== Assigned task ==
The task calls for the lines from the start of the entries below through the line with "Stół bardzo solidnie", given again verbatim, with every picture dropped.

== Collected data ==
★ ★ ★ ★
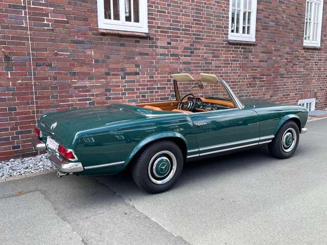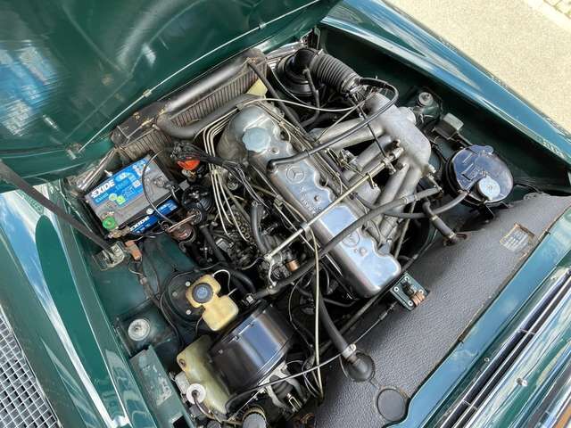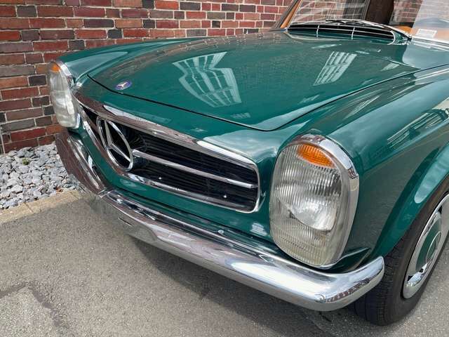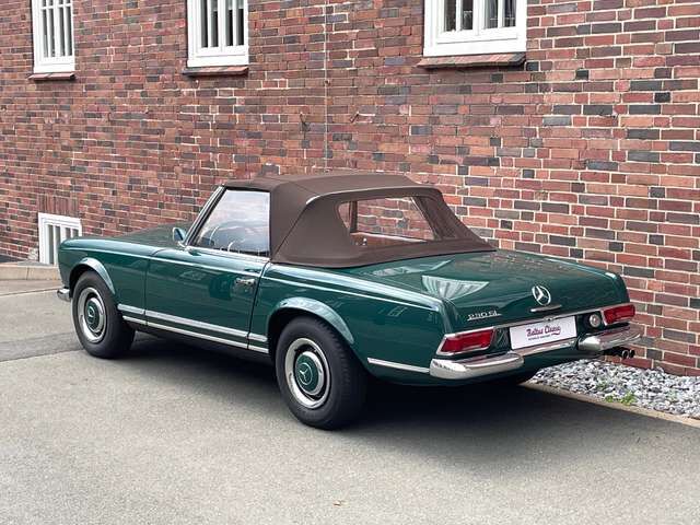? Der Zustand der Pagode ist gut und tatsächlich noch relativ original, bis auf normale Reparaturen der Jahre, ein paar ersetzte Bleche und eine Lackierung in der originalen Farbe. 2018 hat die Pagode ein neues Verdeck bekommen, natürlich eines in guter Qualität aus Sonnenland Verdeckstoff. Außerdem wurde ein komplett neuer Teppichsatz verbaut.
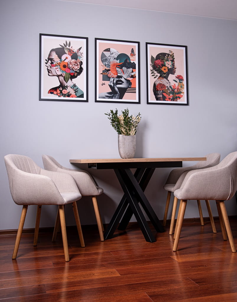 Stół bardzo solidnie wykonany. W aranżacji dużego pokoju wygląda przepięknie. Bardzo wygodnie się go rozkłada ze względu na stelaż zsynchronizowany.
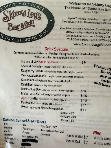 Read moreSo our Skinny Legs trip was kind of an accident – we drove all the way over to Salt Pond Beach b/c it was raining in Cruz Bay and we were told the “dry” side of the island is always better when that happened. It was raining harder at Salt Pond by the time we got there! So rather than trek down a muddy trail and sit in the rain, we backtracked for lunch at Skinny Legs. We weren’t the only ones with that idea; the place was heaving. Fortunately they have a lot of parking, we kind of wedged our jeep between two boat trailers in the harbor parking lot next door. After tracking down the guy who had the waitlist (turned out to be the owner!) we tucked ourselves away in a corner of the bar with a couple of beers and waited for our table. As we watched the staff bob and weave through the hectic crowd, it occurred to me that they all seemed to have really good attitudes for being as busy as they were. The bartender always delivered our beers with an unhurried smile, even though he had a stack of drink orders. The waitstaff very politely excused themselves as they zipped around the space. It was really impressive. We finally sat down after about a half-hour wait (which is what we were quoted). The service continued to be friendly and relaxed, and the burgers were ah-may-zing! Very happy the weather gave us an excuse to try Skinny Legs; it will be definitely be on our must-visit list next time we’re...
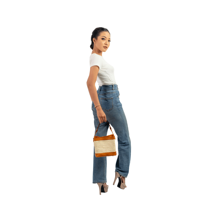 Tas anyaman lontar kombinasi kulit dengan grafir logo rotenbi
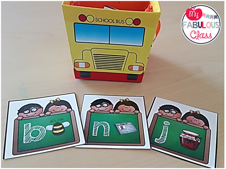 This game is a favorite for all of my groups. Students pull a card out of the bus and say the name of the letter or the sound, if they know it. I think it is important for kids to associate the letter with the picture and sound. Even if they are still working on letter ID, they will hopefully start to make the connection between the letter and the sound. The cardboard bus came from the Dollar Tree. The letter cards are also from my Back to School Word Work.
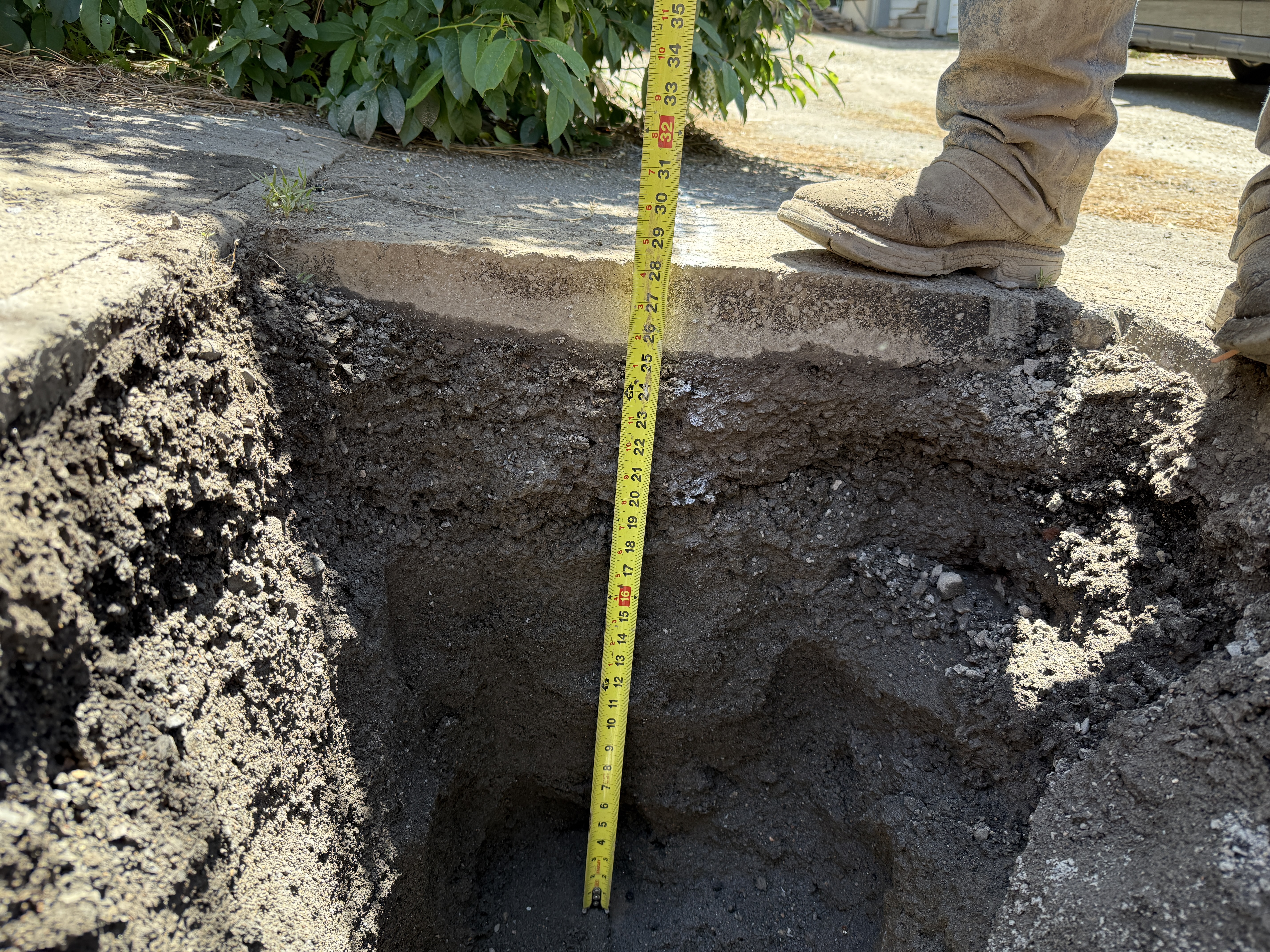 The image shows a pothole excavation with a measuring tape indicating the depth of the hole next to a concrete sidewalk. A person's feet are visible at the edge of the excavation, standing on the sidewalk. The soil layers are clearly visible, showing different strata. The potholing appears to be for utility locating purposes.
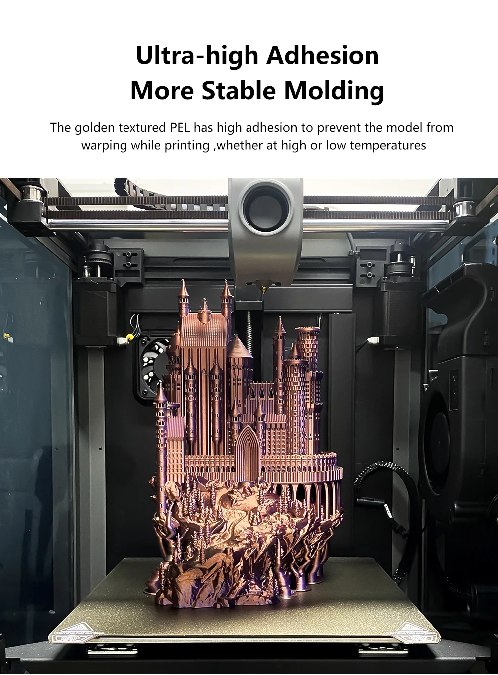 Start printing in PET and PEO sheet, the temperature of the hot bed can be set to 40°C-80°C according to the actual situation (PEO/PET do not exceed 80°C).
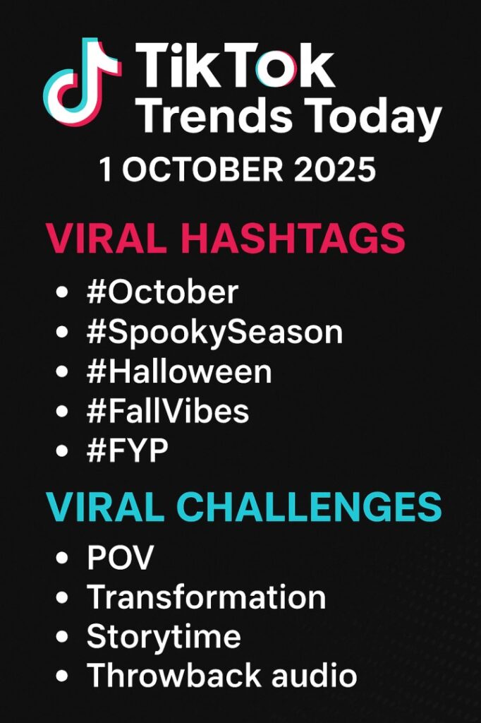 TikTok Trends Today – Viral Hashtags & Challenges (1 October 2025) Read More »
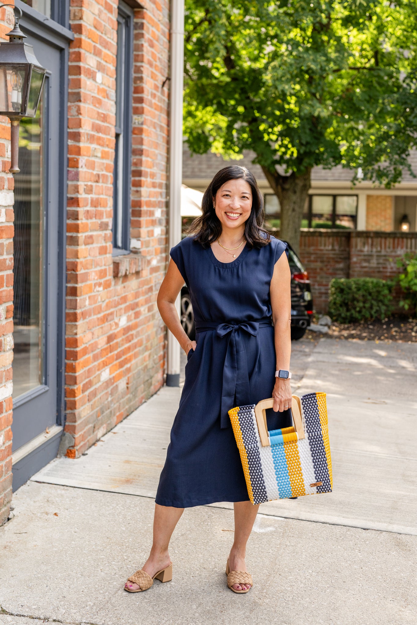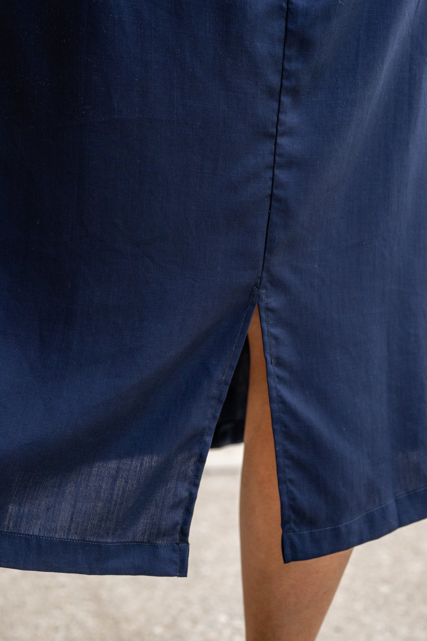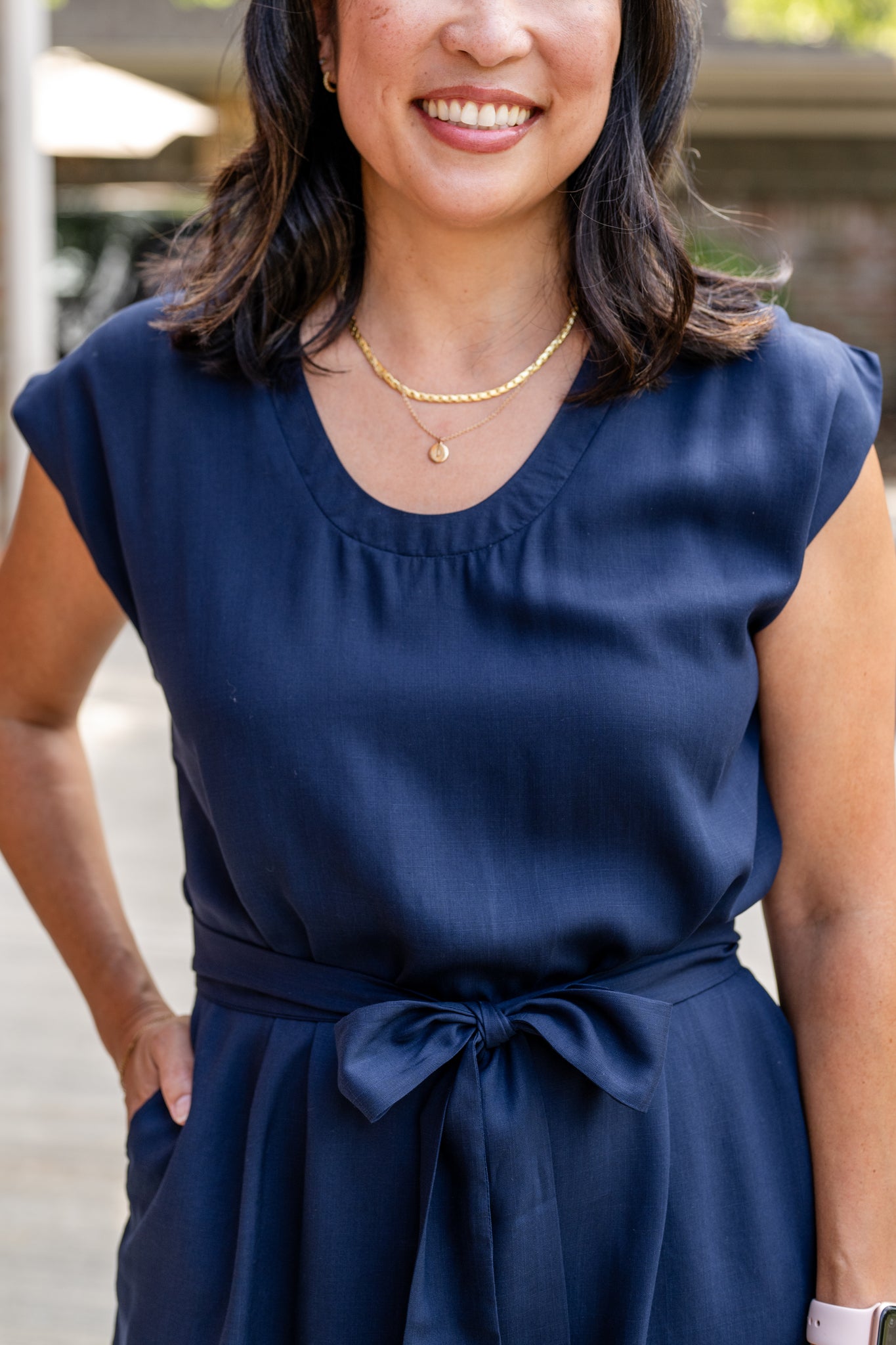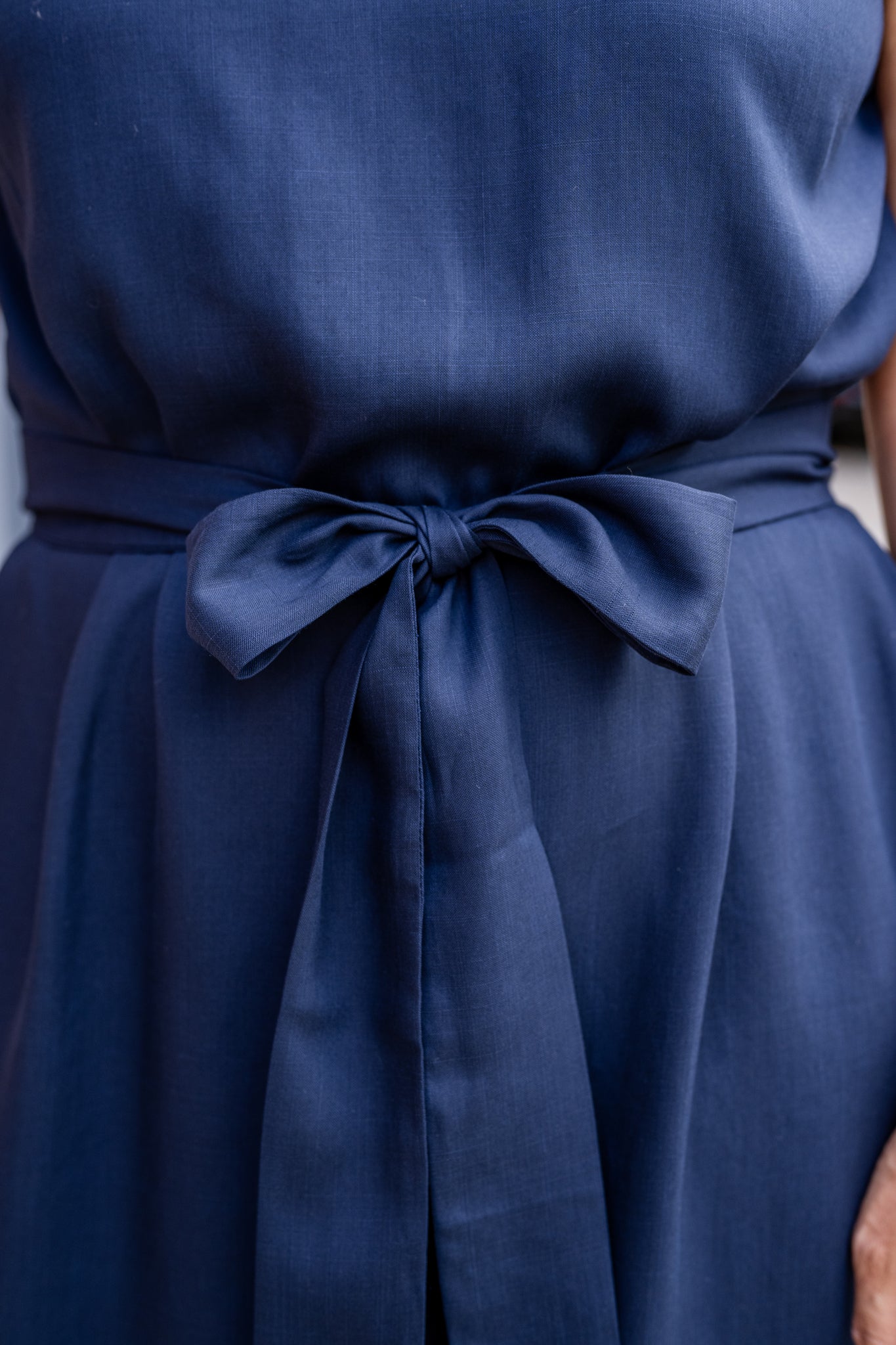 The Sophie Dress effortlessly transitions from season to season and occasion to occasion. The timeless scoop neckline and flattering A-line silhouette work beautifully on their own or layered with jackets and cardigans. Crafted from surplus 100% woven viscose with thoughtful details like hidden side pockets, a removable tie for styling options, and finished French seams. The midi length and back slit ensure comfort whether you're at the office, running errands, or enjoying dinner out.
★ ★ ★ ★
== Problem solution ==
? Der Zustand der Pagode ist gut und tatsächlich noch relativ original, bis auf normale Reparaturen der Jahre, ein paar ersetzte Bleche und eine Lackierung in der originalen Farbe. 2018 hat die Pagode ein neues Verdeck bekommen, natürlich eines in guter Qualität aus Sonnenland Verdeckstoff. Außerdem wurde ein komplett neuer Teppichsatz verbaut.
 Stół bardzo solidnie wykonany. W aranżacji dużego pokoju wygląda przepięknie. Bardzo wygodnie się go rozkłada ze względu na stelaż zsynchronizowany.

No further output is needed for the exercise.